Australia's West Papuan refugee community and supporters of refugee rights will hold a protest rally outside the Department of Immigration and Citizenship on Monday from 8 am till 5 pm against the department's decision to deport seven West Papuan asylum seekers to Papua New Guinea, in spite of well grounded fears of their continued persecution.
A group of asylum seekers fled Merauke after being hunted by Indonesian security forces for their participation in a ceremonial handover of sacred water and ashes from Indigenous Australian elders as part of the Freedom Flotilla to West Papua.
The press released added that the group fled to Australia to seek asylum. However, authorities in Australia refused the group legal representation. The group was huddled onboard an aircraft and told that they would be deported to Port Moresby.
The asylum seekers are now detained by Papua New Guinea (PNG) immigration, where fears have been expressed for their safety, due to discrimination and persecution suffered by West Papuan refugees at the hands of PNG authorities, the release alleged.
Although, PNG is a signatory to the Refugee Convention, the release said, it has been denying refugees their rights. West Papuan refugees, many of whom have been living in PNG since the early 1980's, have not been granted citizenship rights.
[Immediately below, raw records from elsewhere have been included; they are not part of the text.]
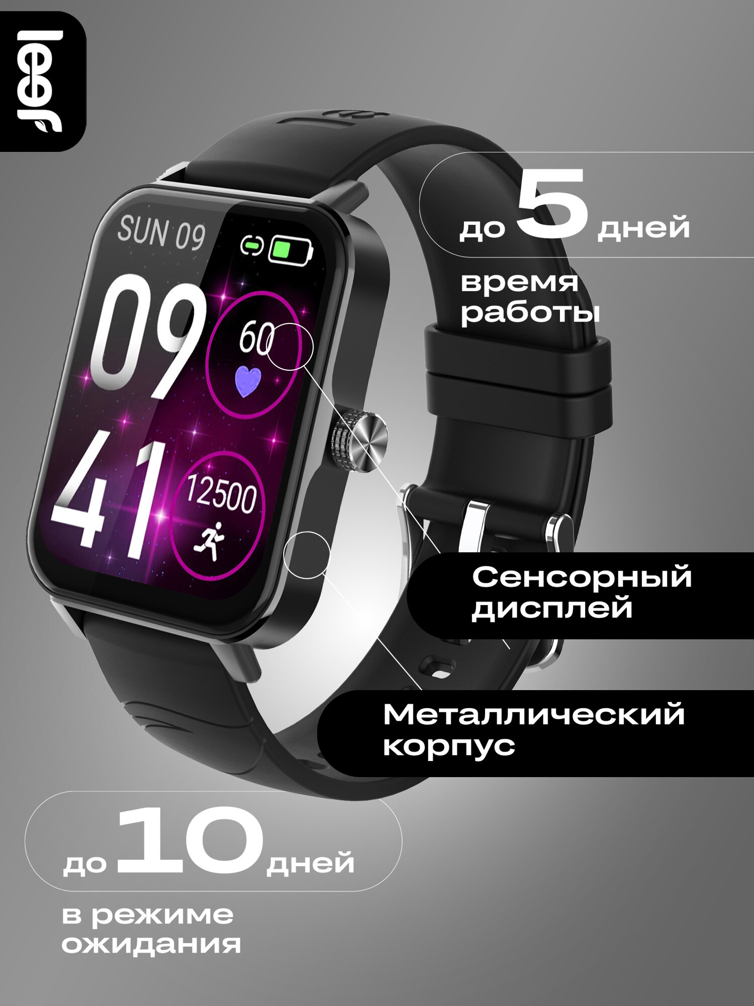 Купить Умные часы LEEF Cygnus, мониторинг пульса, давления, кислорода в крови, уведомления о вызовах и сообщениях, цвет черный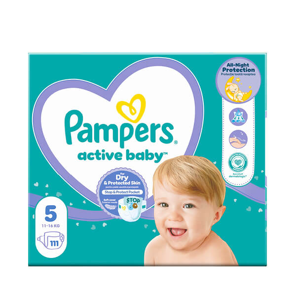 Pampers active baby pelene osiguravaju dvostruku zaštitu danju ili noću. Dječija koža je osjetljiva i zato su pelene napravljene bez losiona, parfema i prirodnog lateksa. Savremena tehnologija apsorpcijskih kanala ima jedinstveni sloj „sleep“ koji omogućava brzu i ravnomjernu raspodjelu tečnosti i održava kožu suhom. Pored toga, odlikuje ih prozračnost materijala i elastičnost koja doprinosi maksimalnoj udobnosti i slobodi kretanja. Pampers active baby pogodne su i za djecu koja su aktivna i tokom sna. Za zadovoljnu djecu i roditelje!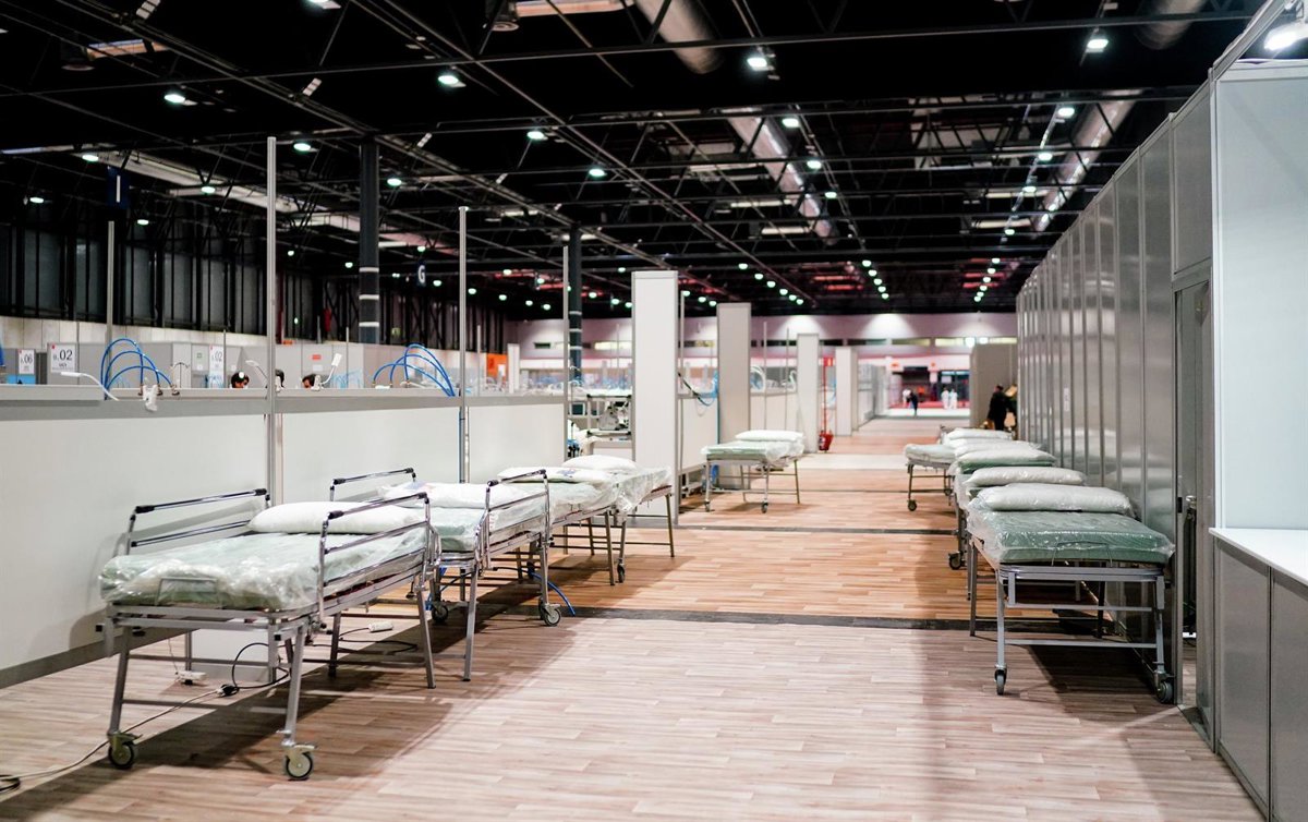 El hospital se ubica los pabellones 7 y 9, donde están previstas las primeras 1.300 camas convencionales más 96 puestos UCI, suman cerca de 35.000 metros cuadrados.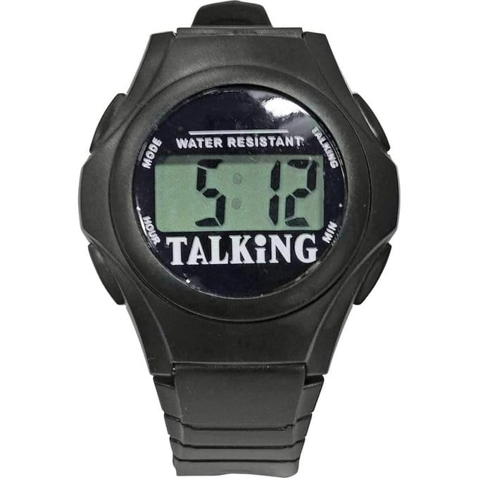 This Talking Digital Watch by Aidapt is a water resistant digital wrist watch with alarm. This talking watch has a large digital display and when pressed will speak the time.
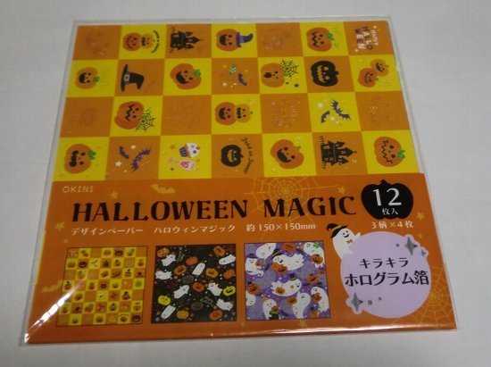 100均でみつけた「デザインペーパー ハロウィンマジック」キャンドゥ。3柄×4枚で12枚入り。キラキラホログラム箔。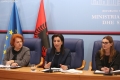 KUSHI AND MUZHAQI CONFERENCE - The Minister of Education and Sports, Evis Kushi and the Minister of State for Youth and Children, Bora Muzhaqi during a press conference where they talked about the achievements of education in 2022 and the objectives in 2023. Kushi said that now the students will to have the right to get the paper, and even have the chance to get their high school graduation test re-checked in case there are objections or claims for wrong grades.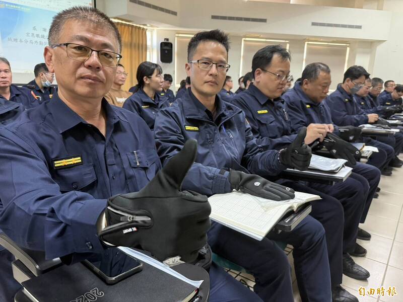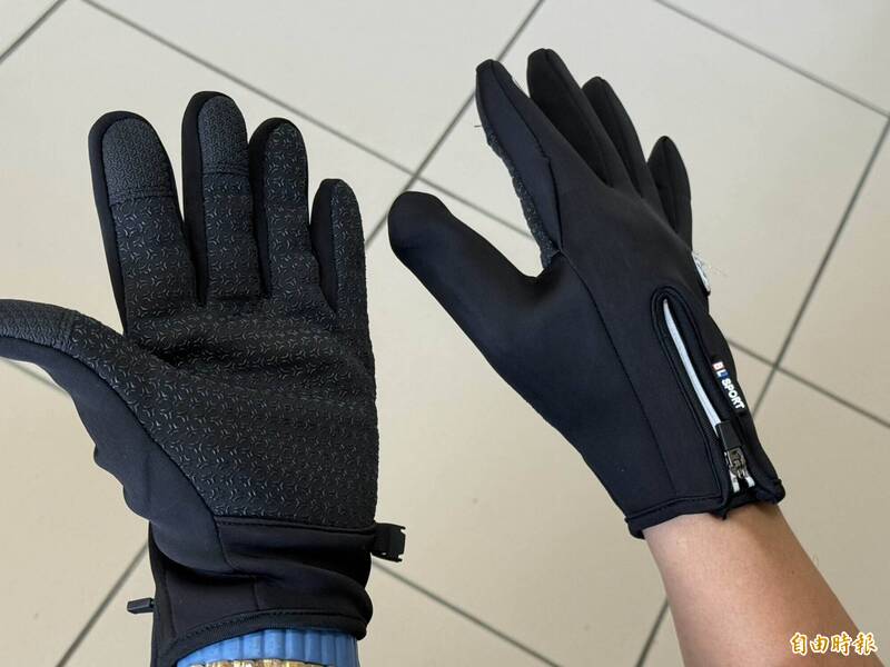 員警們戴上保暖手套直呼「暖心」。(記者湯世名攝)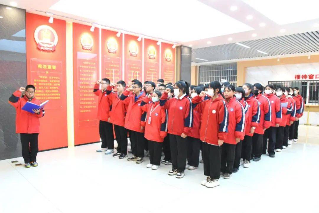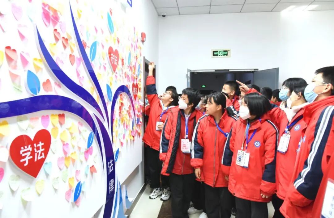 在拘留所民警的带领下,师生们在宪法宣传大厅详细学习了宪法的重要意义、习近平法治思想等内容,了解了拘留所的职能作用、“枫桥经验”的重要意义和“桥文化”的精神内涵。并参观了法治文化长廊,观看了专题警示教育片,引导广大未成年人知法守法、遇事找法、解决问题靠法。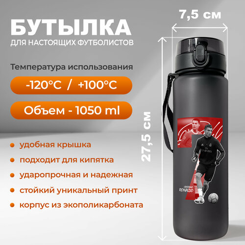 Спортивная бутылка для воды Aika "Футбол" с изображением Cristiano Ronaldo (Криштиану Роналду), объемом 1050 мл, черного цвета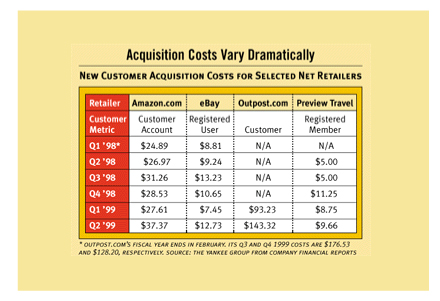 上世紀(jì)90年代末期DOT.COM就遭遇了這一嚴(yán)峻問(wèn)題。70% - 80%的客戶在沒(méi)有完成采購(gòu)之前就棄網(wǎng)站而去。對(duì)于許多人來(lái)說(shuō)這被認(rèn)為是一個(gè)“行業(yè)基準(zhǔn)”,屬于可接受水平,但也有些人開始尋找解決方案。整個(gè)行業(yè)開始注意到分析家們的忠告:這一水平的放棄率是不被允許的。下面這張由Yankee集團(tuán)在2000年發(fā)布的表格向我們展示了電子商務(wù)企業(yè)客戶獲取成本螺旋形盤升的過(guò)程。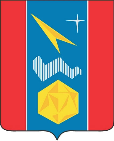 Герб города Мирный был принят 27 апреля 2005 года. В лазоревом поле золотой ограненный камень, вертикальные серебряные лучи (северное сияние), золотой наконечник стрелы, серебряная четырехконечная звезда.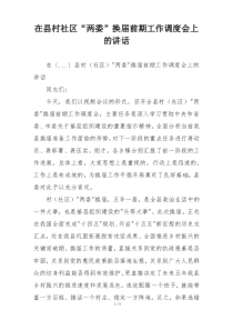 强调换届工作的重要性,要求各村社区高度重视,确保程序规范、纪律严明,选出优秀干部。下面是小编为您整理的在县村社区“两委”换届前期工作调度会上的讲话范例,仅供参考,希望对您有所帮助。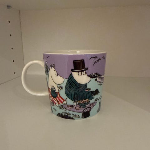 Arabia Moomin krus laget av emaljert stål og porselen med motiver fra Mummitrollet. Passer til servering av varme og kalde drikker.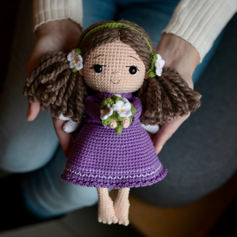 В'язана іграшка ручної роботи Під замовлення , терміни обговорюємо індивідуально . Дівчинка янгол Розмір +/-23 см Колір сукні можна обрати . Разом з іграшкою в комплекті іде букет , який знімається . Ззаду іграшка має крила , вони не знімаються . За вашим бажанням іграшка може бути без крил .

Many live in squalid conditions without access to land or employment, the release added.
The release also said, PNG military and police have carried out attacks on West Papuan refugee communities there.
In 2011 during Special Operation Sunset Merona refugee houses and gardens were burnt by the military.
"They came at night, and burnt down all of their houses and possessions, and destroyed their gardens," said David Fedele, independent documentary filmmaker who was witness to tragedy.
The release also quoted Western District Police Chief Silver Sika telling NBC News that anyone raising the West Papuan Morning Star flag would be arrested. The group says this is a clear threat to curtail the democratic rights of West Papuans living in PNG.
Freedom Flotilla spokesperson Ruben Blake observed "the deportation of these latest West Papuan asylum seekers is a cruel, cynical, inhumane and illegal action."
"The Australian Government is doing everything it can to avoid addressing human rights abuses in West Papua while Tony Abbott is in Indonesia seeking collaboration with his government's own abuses of refugees."
"Their speedy deportation was to avoid the courts having to process an asylum claim, which would have once again recognized persecution of West Papuans in Indonesia, as was the case when the 43 West Papuan asylum seekers arrived here in 2006. That would have been more than a 'passing irritant' to Tony Abbott, whose government is complicit in human rights abuses against West Papuans," he said.
The Australian Government's offshore processing arrangements in PNG are already under constitutional challenge in the High Court, the release added.
Freedom Flotilla organiser Ronny Kareni said, "The long history of widespread human rights abuses against West Papuans is well documented.
"The crackdown against welcoming ceremonies for the arrival of the sacred water and ashes, delivered by the Freedom Flotilla to West Papua, with four people charged with treason, and many more now in hiding, make it clear that there is still no space for cultural or political expression in West Papua," he said.